Sara is also unhappy with Schneider: “I believe that she’s also lying to us, when she says our jobs are not going abroad.” When I ask her if there is anything Charney could do to lose her trust, she says, "No, he’s a great entrepreneur. We trust him 100%. He will have something for us."

I heard breathless worship from Charney's supporters, who begged me in emails to listen to their side, even though they legally can’t go on the record — American Apparel successfully sued Charney earlier this year for trespassing and threatening employees who don’t support him. His restraining order says he cannot make any disparaging remarks on the company, and it's also true for some within his inner circle. “I'm in the middle of litigation with Standard General and American Apparel. I have been caught up in a corporate war and I have been targeted,” one supporter said. When word got out that I might not be writing an exonerating story about how Charney was cheated out of his company, emails flooded into my inbox accusing me of being a bad reporter, and claiming that pretty much every media outlet had gotten the story wrong, including The New York Times. I diligently followed up on claims against Schneider and the board, one by one. Eventually, though, I had to let it go. No sooner would I cross one baseless accusation off the list than another supporter would bring up another unverifiable one. This fixation on tiny details distracts from the larger picture, which is this: Any other CEO would have been fired a decade ago for any one of the bad decisions and unprofessional actions Charney made.
  
At the end of our call, Stephanie asked me, “You will focus the story on the workers, right?” As she waxed poetic about their plight, she almost had me. After all, you cannot deny that Dov worked hard to build a company that was proving — for a time — that you could be profitable and hip while paying American workers a living wage and treating them with dignity and respect that immigrants workers rarely receive.

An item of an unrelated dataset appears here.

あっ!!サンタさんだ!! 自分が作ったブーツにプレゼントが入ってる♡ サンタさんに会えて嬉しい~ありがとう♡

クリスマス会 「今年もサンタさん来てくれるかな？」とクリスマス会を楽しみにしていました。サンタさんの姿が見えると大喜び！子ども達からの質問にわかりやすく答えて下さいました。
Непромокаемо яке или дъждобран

American Apparel was a style leader. Arguably, it defined the mid-2000s look and is one of the most important aesthetic touchstones that millennials have with retailers, its plain tees or scoop-back jersey dresses became instantly recognizable. Many people, myself included, want American Apparel, the preeminent retailer of ethically produced basics, to stick around and thrive — albeit without the sleaze. I want to be able to buy knee-high socks without wondering who was exploited in the process.

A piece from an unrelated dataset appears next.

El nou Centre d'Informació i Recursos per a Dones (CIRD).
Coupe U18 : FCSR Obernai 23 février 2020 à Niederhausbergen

But by installing incompetent workers in senior management, mismanaging the financials, sexually harassing women, creating a cowering workforce that could not function without his daily input, refusing to step aside and let seasoned business professionals run the corporation, and then engaging his loyalists in a destructive fight — all behaviors of which Charney is accused — the ex-CEO himself sowed the seeds of American Apparel’s implosion.

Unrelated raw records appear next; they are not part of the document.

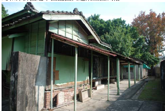
【圖 0-3】典獄官舍和館後側外觀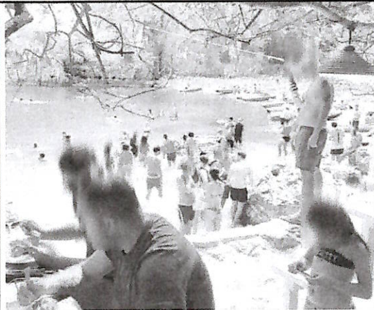
▲ Al mare Un'immagine della spiaggia con i turisti nonostante il divieto

C'è persino chi fitta le sdraio e fa attività di bar e ristorazione ma è tutto abusivo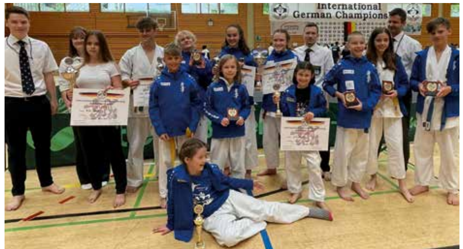
Das Karate Wettkampteam des AktivSport SAXONIA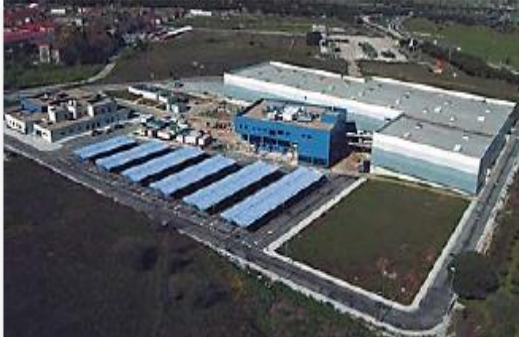
Vista aérea del centro

El Centro Militar de Farmacia de la Defensa, ubicado en la Base Militar de San Pedro en Colmenar Viejo, tiene como principal misión la producción de los elaborados destinados a las Fuerzas Armadas bajo las Normas de Correcta Fabricación 1 . El Módulo de Estériles de la Unidad de Producción cuenta con distintos equipos, algunos de nueva adquisición y otros trasladados desde el Centro Militar de Farmacia de Córdoba, para la fabricación de los elaborados estériles recogidos en el Petitorio de Farmacia 2 .

Why would Team Dov believe so fervently in him while his misdeeds are so many — and so widely known? Here’s a theory: because they’ve invested too much into the fantasy, and facing the truth would be too painful. “Everybody tells me to go get a job somewhere else,” Padilha says. “But I believe this is going to be big for the community. I did sacrifice. I gave up on my blog and my personal stuff. My family in Brazil…they keep asking me, is everything okay? I don’t want to worry them,” she says. “Dov is a genius. He had a vision for the company. It was magical. Dov is always so transparent, clear like water. He cares about people and it’s real. Nothing will change my mind.”